WORDsd.com logo WORD People

WORD Places

WORD Things

Free WORD

ICBWB

Backtalk WORD

WORDsd.com
© 2004 - 2008
All rights reserved

Arrivals|Departures


Midnight in Anaheim
by
Jack Webb

Copyright 2005 Jack Webb
All Rights Reserved by the author

In Arrivals & Departures, WORD publishes personal essays about arriving and leaving—and all the other complex transitions of life. We invite your submissions. Writer’s guidelines.


It was midnight in Anaheim. There were three other men in the room, and they ignored me while they debated what to do next. They were debating whether I should die.

“Who the fuck is this guy, did you ask yourselves that?” Jim was the youngest of the three, a 38-year-old former CIA assassin. He couldn’t believe his pals were letting me live another minute. He looked at me, hands curling into claws, grey eyes unblinking. He leaned forward out of his chair, and I could feel the hate and fear vibrating in his body.

“The last guy who asked questions like that was carried out of here with shit dribbling down his leg.”

“Hold on.”

It was Tony, the big-shot, a guy with mob connections, and the only one, other than myself, who was wearing a suit.
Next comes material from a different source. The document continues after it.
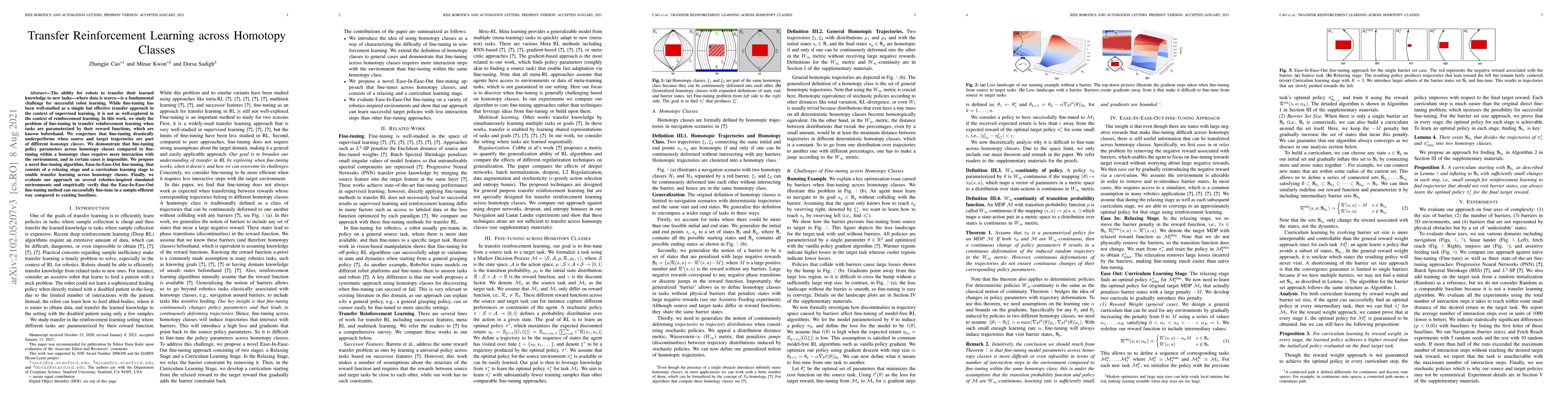 This paper investigates the challenge of transferring reinforcement learning knowledge across different homotopy classes, proposing a novel fine-tuning algorithm called Ease-In-Ease-Out fine-tuning that combines a relaxing stage and curriculum learning to enable efficient transfer learning across homotopy classes, outperforming existing methods.

“Let’s give it a minute,” Tony said. “Jack isn’t going anywhere.”

I’d been scared before, and I knew what to do. When you’re in trouble, don’t show fear. Fear makes your opponent think he’s got an easy mark. I’d used that technique many times in my career as an investigative reporter. I’d talked to Mexican Mafia killers and once been the target of suspicious angry men at a Hell’s Angels party. Yeah, I knew what to do. Keep cool. Nothing bad could happen if you kept cool.

Right. It was midnight in Anaheim, and I was within minutes of death with no one to help. The only one who knew I was there was my city editor, Hal Jocobine (I’ve changed the city editor’s name, for reasons that will become obvious later in this story). He talked a good game but I knew he could do nothing in a situation like this.

“You with the Feds?” Tony asked.

“No, just a reporter, like I said.”

“ATF? State? Local cops?” It was Jim again.

“I told you, no. I’m a reporter, that’s it.”

Tony leaned back in his chair, head falling forward onto his chest, like a judge on the bench, deciding what to do. After a minute, he looked at me, as hard to read as a cop in the middle of an investigation.

“You’re going to call your city editor. You think he’s there now?”

I doubted it. But we were a morning paper, he might be working late.

“Maybe.”

“Call him. Tell him there’s no story here.”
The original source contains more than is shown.